Gold futures on the COMEX division of the New York Mercantile Exchange fell sharply Tuesday on strength in U.S. equities, despite weaker data.
The most active gold contract for August delivery fell 21.30 U. S. dollars, or 1.57 percent, to settle at 1,335.30 dollars per ounce.
The precious metal was put under pressure as the U.S. Dow Jones Industrial Average rose by 124.37 points, or 0.68 percent as of 18: 30 GMT.
Analysts noted that when equities post losses, the precious metal usually goes up, as investors are looking for a safe haven, while the opposite is true when U.S. equities post gains.
Gold was prevented from falling further as the U.S. Department of Labor released a report showing job openings falling to 5.500 million during the month of May.

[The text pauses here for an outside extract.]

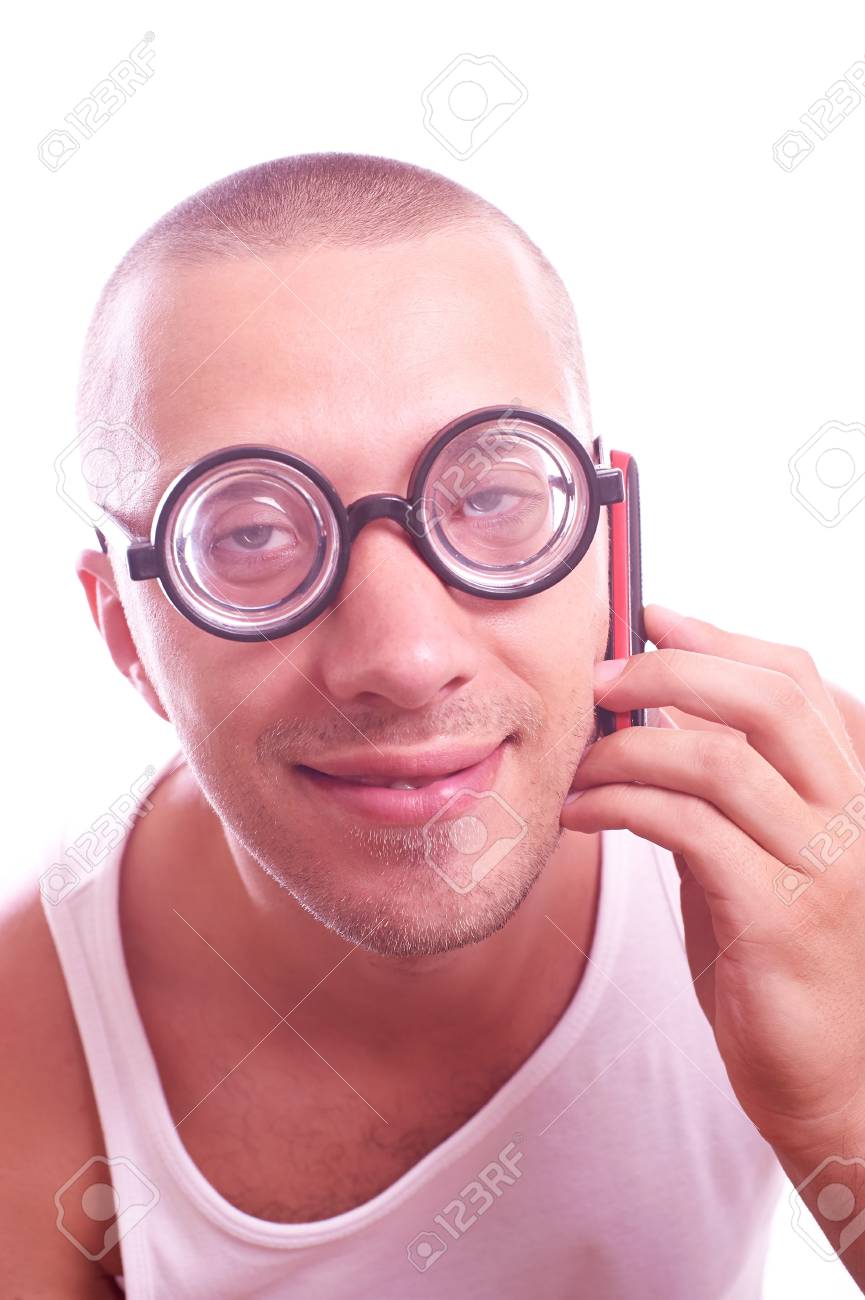 Retrato De Un Nerd Raro Satisfecho En Las Lentes Que Llama Por El ...

Analysts noted that April's figures were revised to 5.845 million, which they also noted is the reading of this measure since February. The hiring rate is unchanged at 3.5 percent.
Traders are waiting for the Import and Export Prices report on Wednesday, the weekly jobless claims report and producer price index on Thursday, and the retail sales, consumer price index, and industrial production reports on Friday.
Silver for September delivery fell 13.30 cents, or 0.66 percent, to close at 20.171 dollars per ounce. Platinum for October delivery dropped 10.20 dollars, or 0.92 percent, to close at 1,097. 90 dollars per ounce.